Cassie woke up, a smile on her face and the smell of the sea in her nose. Her dreams of late were all that made it possible for her to get out of bed in the mornings, but as much as she needed them and went through her day with the thought of going to bed and being able to dream, she reminded herself that that’s all they were: Dreams. Dream or not, she likes me, she thought to herself, wanting to shout, and finding herself giggling aloud at the thought; she likes me and actually wants to spend time with me. Someday I’m going to meet someone just like her, Cassie resolved, even if I have to sail around the whole world to find her.

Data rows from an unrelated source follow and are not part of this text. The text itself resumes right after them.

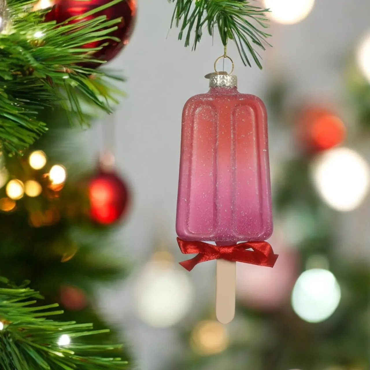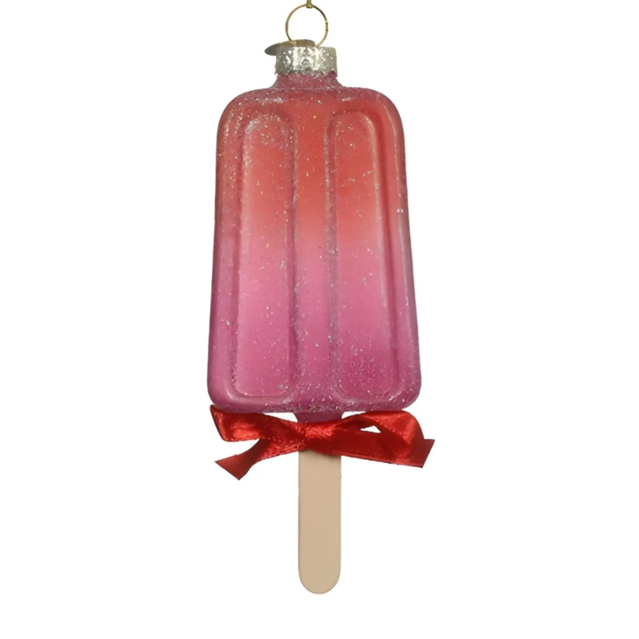 Add a sweet touch to your holiday decor with this adorable Glass Popsicle Ornament! Measuring 4.7 inches tall, it features a glittery finish and a charming red ribbon.
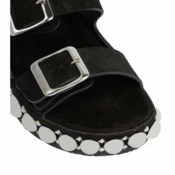 Earn style points from the ground up with Alaïa’s Bombe slides. They’re made from smooth suede, with bulbous embellishments and pyramidal studs that perfectly match logo-engraved buckles.
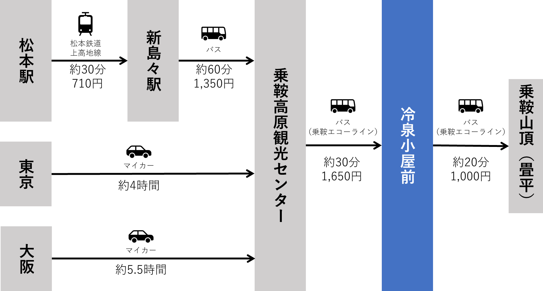 アルピコバスやタクシーで麓から冷泉小屋まで直行。乗鞍観光センターからバスで約30分。小屋からの眺望をお楽しみください。
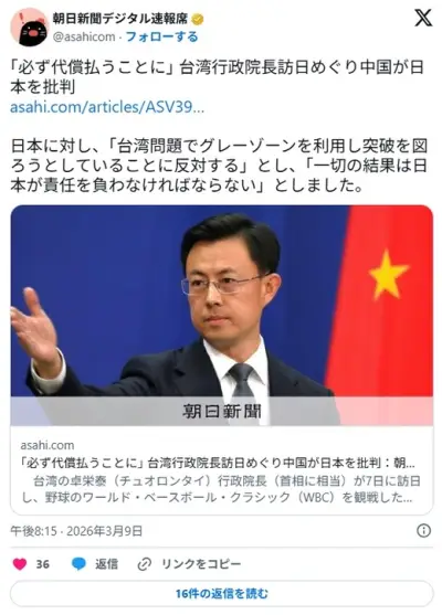 中国「台湾首相訪日!日本は必ず代償を支払う!」日本「政治無関係、プライベートなWBC観戦です」
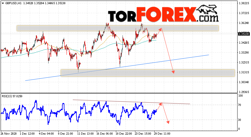 Валютная пара Фунт Доллар GBP/USD продолжает движение в рамках коррекции и формирования разворотной модели ”Голова и плечи”. В момент публикации прогноза курс Фунта к Доллару США на Форекс составляет 1.3513. Скользящие средние указывают на наличие краткосрочной бычьей тенденции. Цены вновь отталкиваются от области между сигнальными линиями, что указывает на давление со стороны покупателей валютной пары и потенциальное продолжение подъёма инструмента. На данный момент стоит ожидать попытку бычьей коррекции курса Британского Фунта против Американского Доллара и тест области сопротивления вблизи уровня 1.3545. Откуда вновь стоит ожидать отскок и начала падения котировок валютной пары Британского Фунта против Доллара США. Целью нисходящего движения валютной пары, в рамках Форекс прогноза на 30 декабря 2020, выступает область на уровне 1.3135.
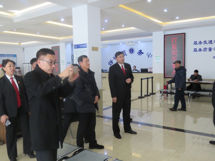 督察组先后检查了立案信访大厅、诉讼服务中心等场所,详细询问和了解了首问责任制落实、信访值班等情况。在诉讼服务中心重点观看了“打官司不求人”工作宣传图板、“法律百宝箱”、“诉讼明白路”和“法律直通车”等相关六项措施。
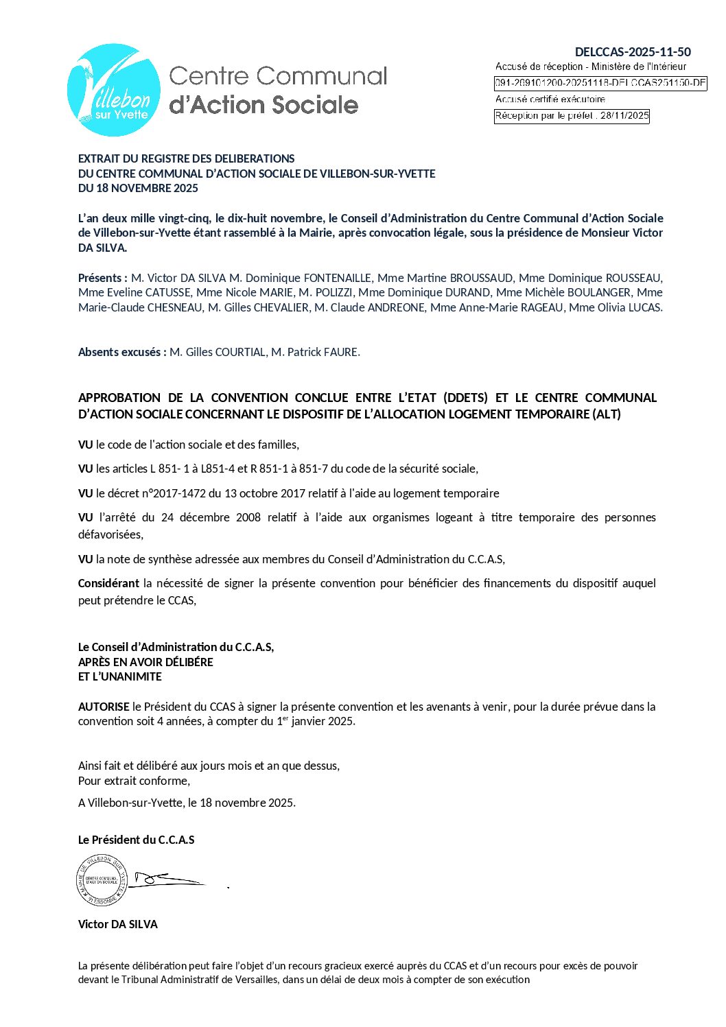 Centre Communal d'Action Sociale (CCAS):DELCCAS-2025-11-50 Approbation de la convention conclue entre l’État (DDETS) et le Centre Communal d’Action Sociale concernant le dispositif de l’Allocation Logement Temporaire (ALT)
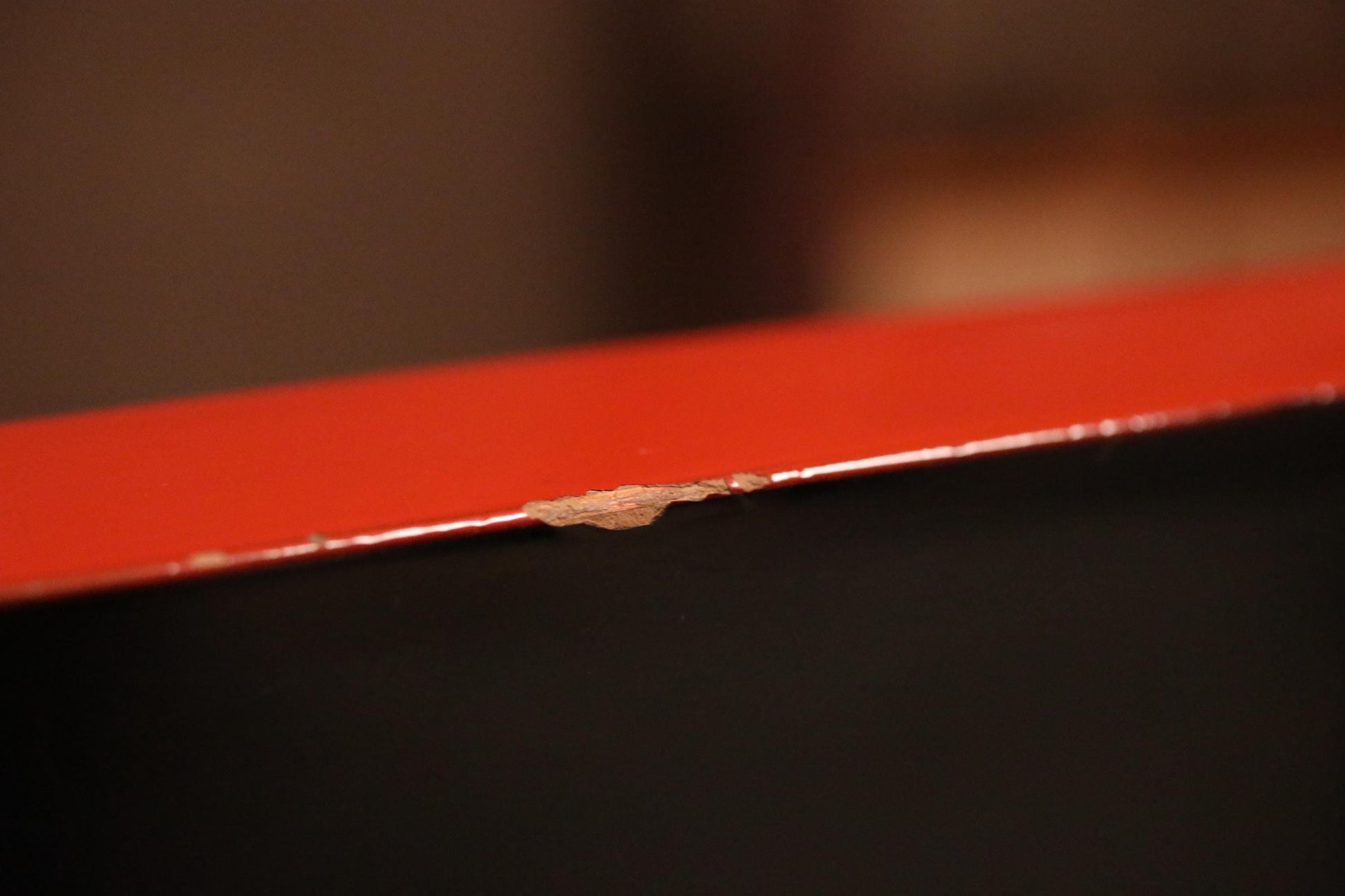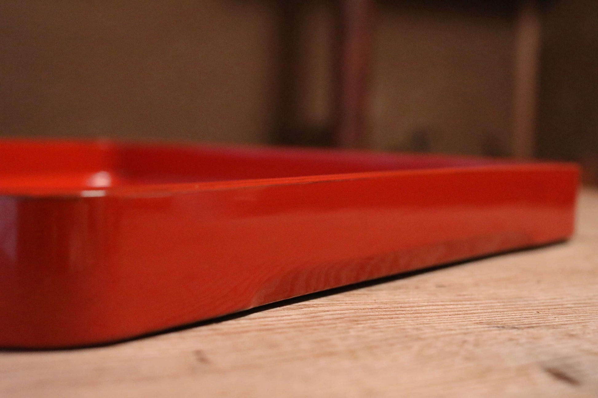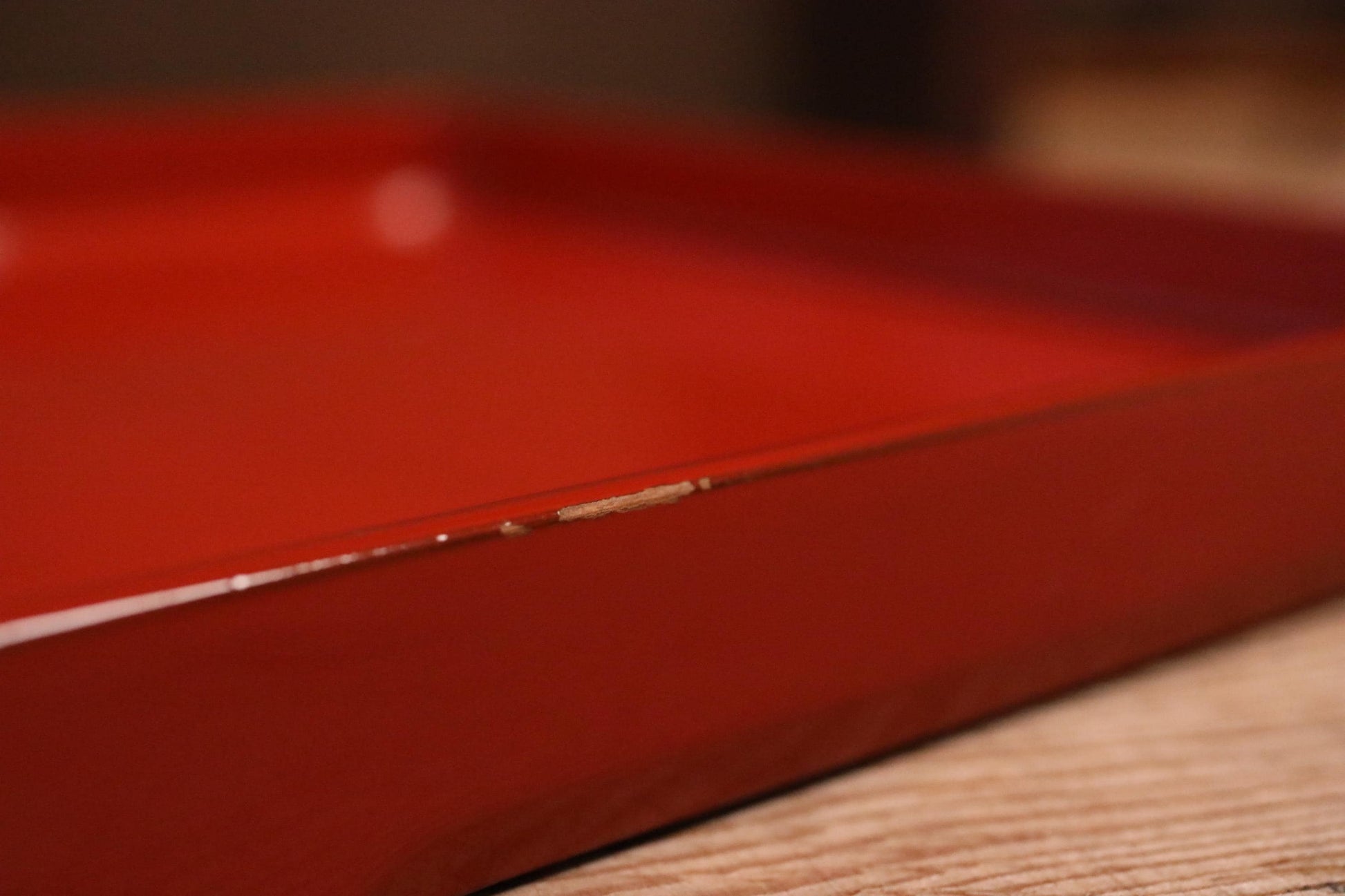 The size is large, and this is a high-class 輪島塗 Wajima-nuri product. The characteristic of Wajima-nuri is that the lacquer is applied very thickly, so it is painted over and over again, which makes it very durable and time-consuming. If you look closely, you can see that the bottom of the side side is slightly carved to make it easier to hold. This kind of casual effort is also an expression of the Japanese sense of beauty.
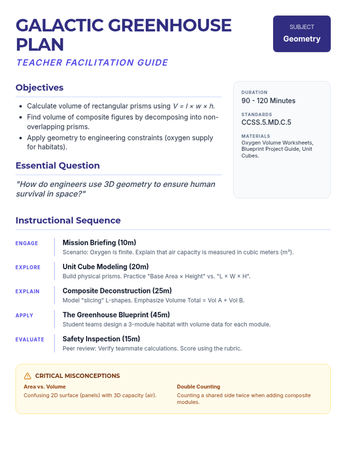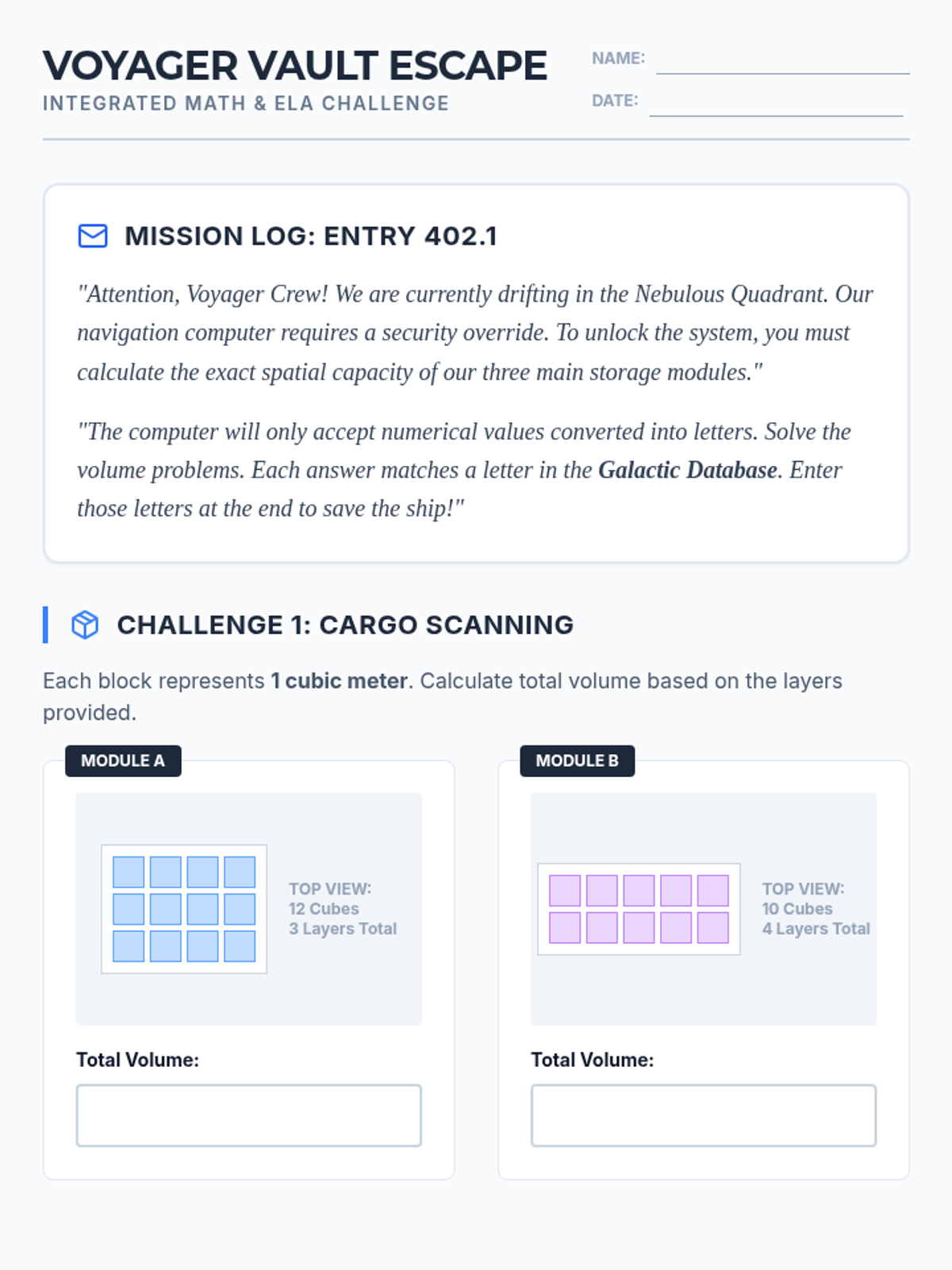 A 5th-grade integrated lesson where students solve volume-based math challenges within a space-themed narrative to unlock a starship's navigation system. Students apply math formulas and reading comprehension skills to crack the code and save the mission.
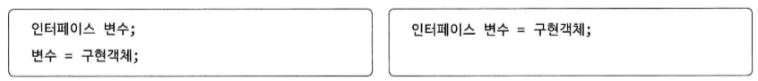 - 인터페이스로 구현 객체를 사용하려면 인터페이스 변수를 선언하고 구현 객체를 대입해야 한다
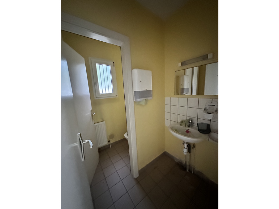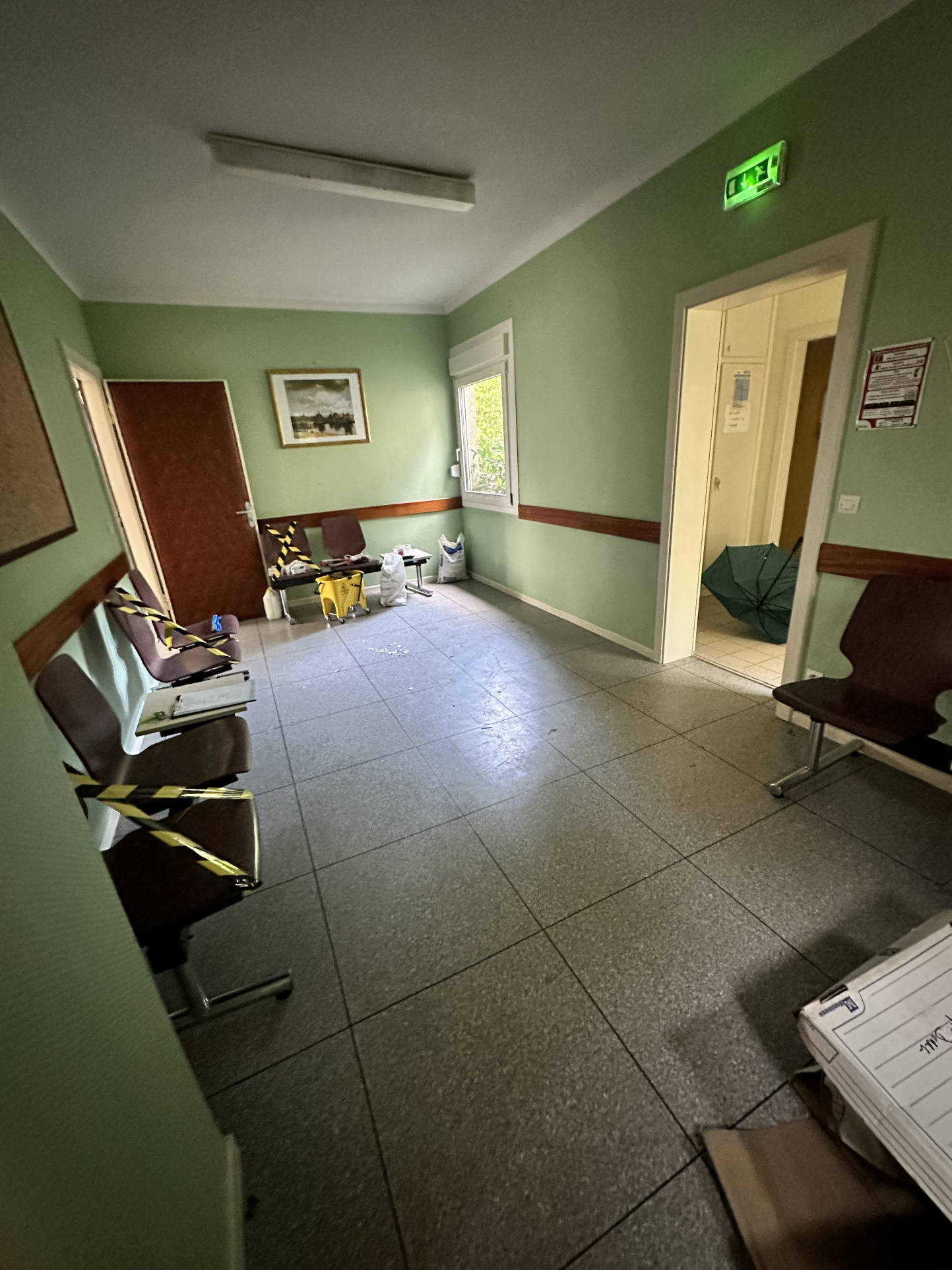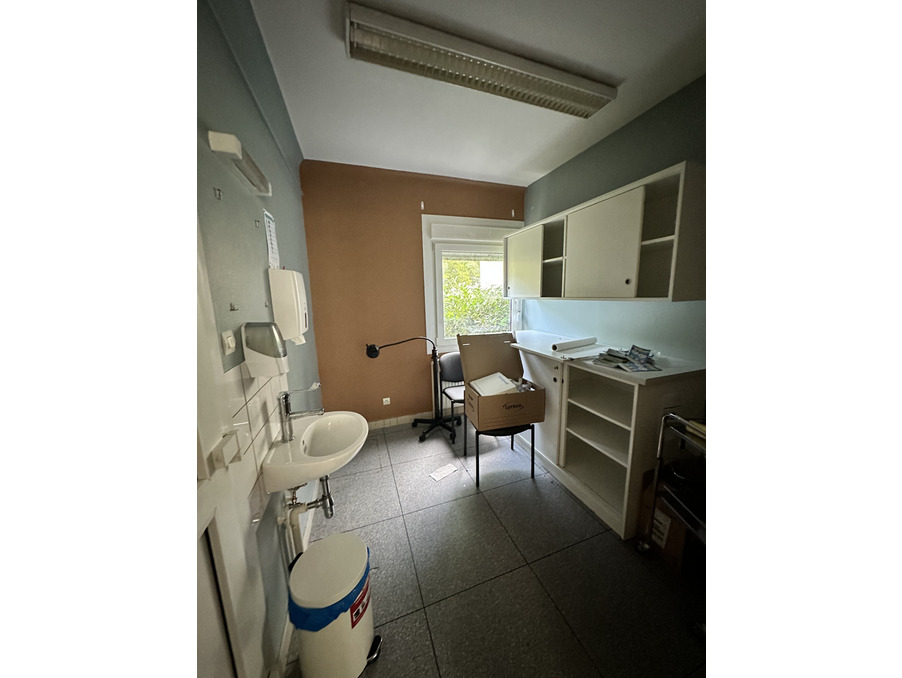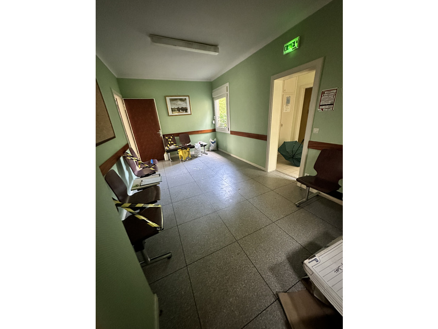 En rdc :d'une entrée avec placards, de deux wc avec lave mains, une salle d'attente de 19m2, un bureau de 18.59m, une salle de soin de 18.59m2, une réserve avec lave mains

I wish I could tell mum about her, Cassie thought with a grin, as she put Yan back in his crib and shuffled sleepily off to her bed. And somehow thinking this didn’t bring with it the crushing guilt or overwhelming sadness of the past few months. I wish I could tell mum about a lot of things, Cassie mused. Imagine, me meeting someone in my dreams. There aren’t too many people around here who’d believe me if I told them that. They’d probably say that I made it up, or that I was crazy. Maybe I am crazy, Cassie decided with a sleepy smile, but if being sane means not being friends with Adharshala, I guess I’ll just be crazy. And thinking this, she fell back asleep.